TASK PROMPT:
Find the line with "(4)200度に予熱をかけた" in the data below. Repeat it and every line after it up to the end, exactly, but drop the pictures.

AVAILABLE DATA:
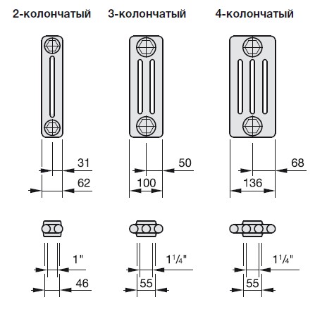 Габариты глубины 2-6 колончатых радиаторов:
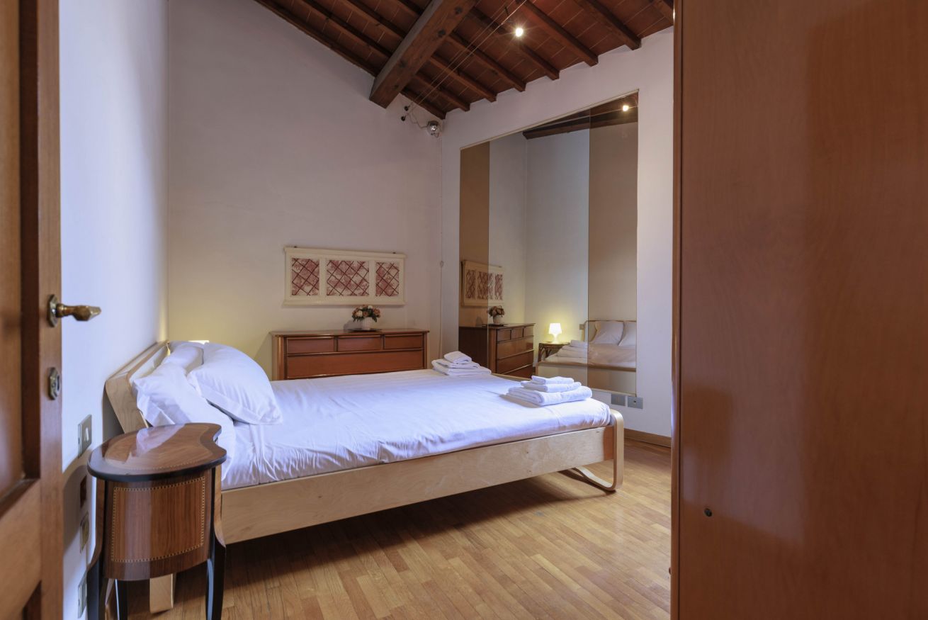 Situato al terzo piano di un elegante palazzo con ascensore, il loft offre ambienti luminosi e funzionali. La spaziosa camera da letto dispone di un ampio armadio, mentre il bagno è dotato di vasca con doccia, perfetta per rilassarsi dopo una giornata di visite. Il soggiorno accogliente include un pratico divano letto, ideale per un ospite aggiuntivo, e la cucina ben attrezzata permette di preparare con facilità colazioni, spuntini o pasti veloci.
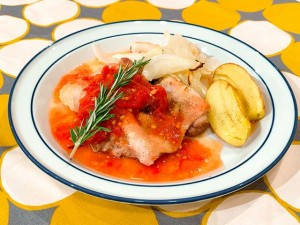 (4)200度に予熱をかけたオーブンで約15分〜18分焼く。焼き上がったらトマト以外を器に盛りつける。
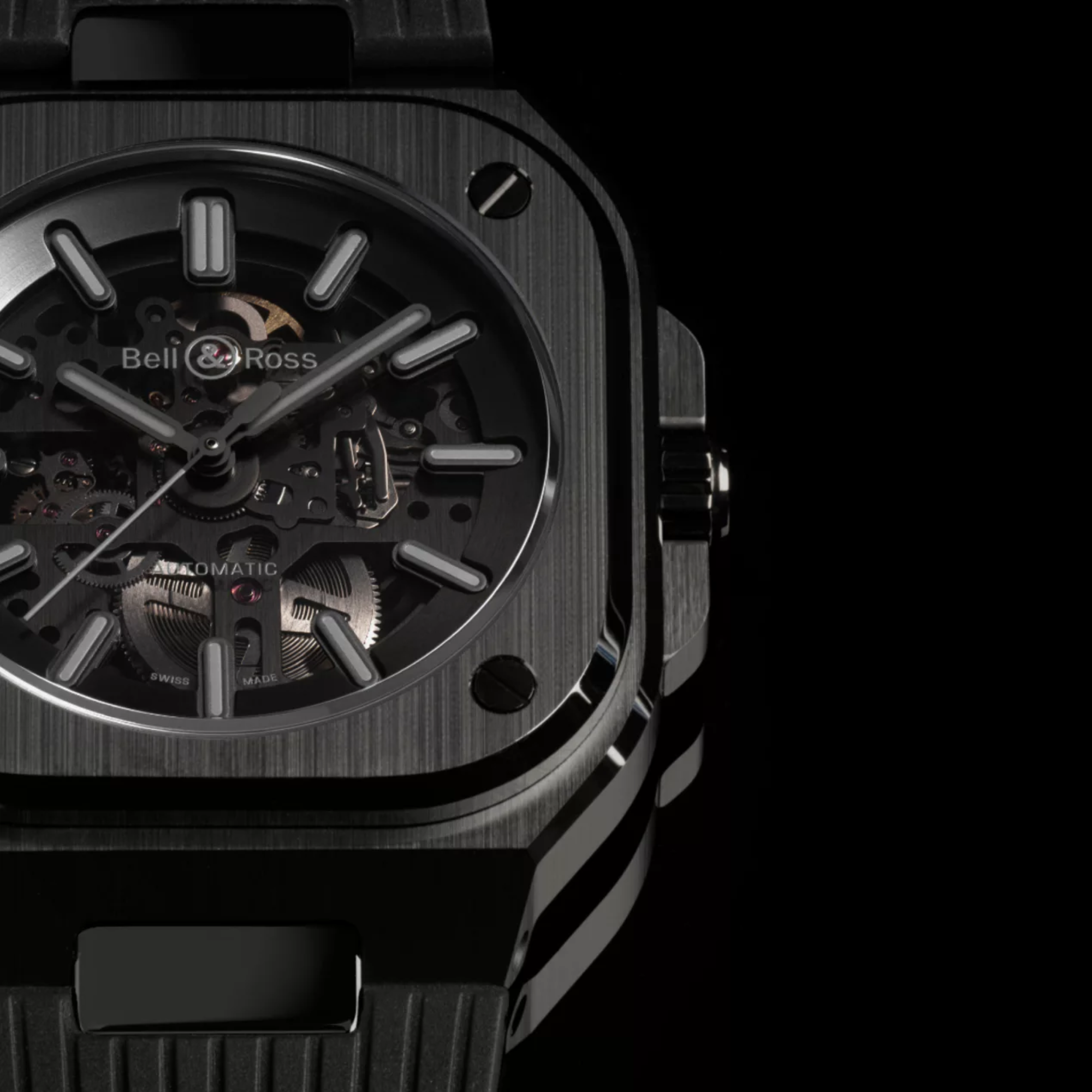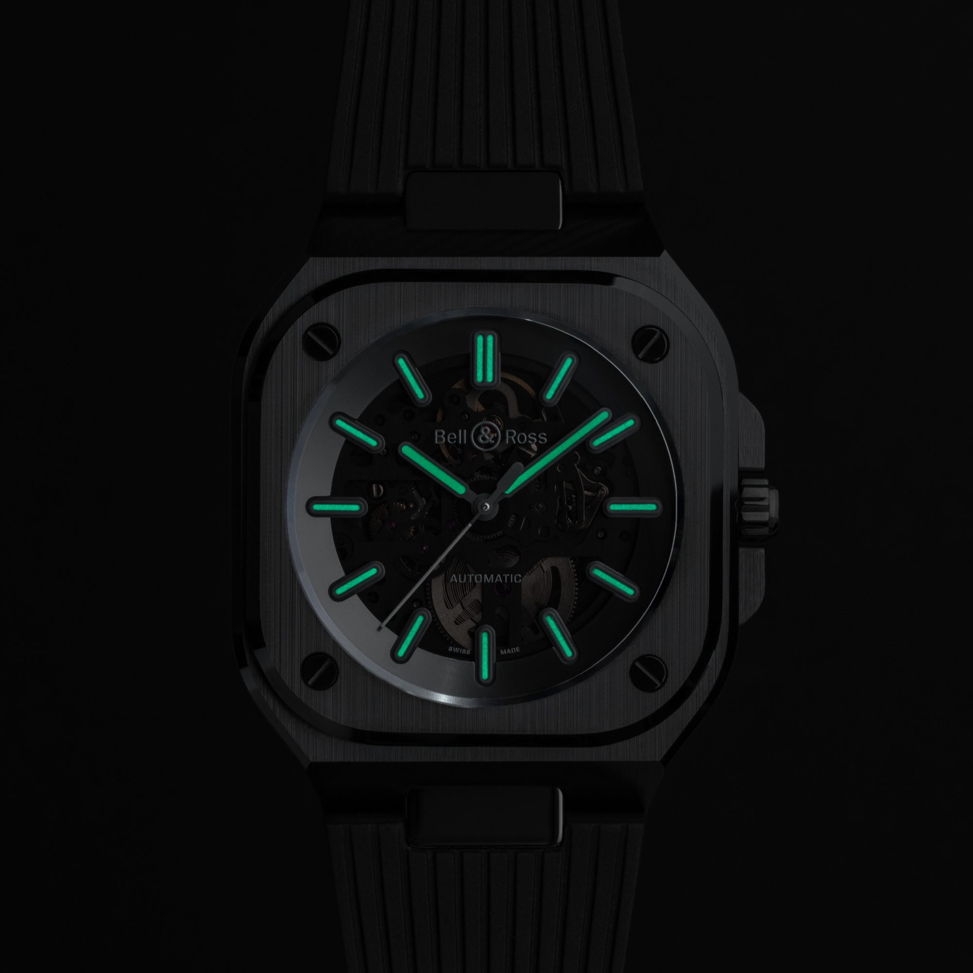 | DIAL | Skeletonised with a black tinted transparent plate and rhodium-plated movement. Applique indexes filled with Super-LumiNova® gray (green glow). Skeletonized hour and minute hands filled with Super-LumiNova® gray (green glow). Rhodium-plated second hand. |

OUTPUT:
 (4)200度に予熱をかけたオーブンで約15分〜18分焼く。焼き上がったらトマト以外を器に盛りつける。
 | DIAL | Skeletonised with a black tinted transparent plate and rhodium-plated movement. Applique indexes filled with Super-LumiNova® gray (green glow). Skeletonized hour and minute hands filled with Super-LumiNova® gray (green glow). Rhodium-plated second hand. |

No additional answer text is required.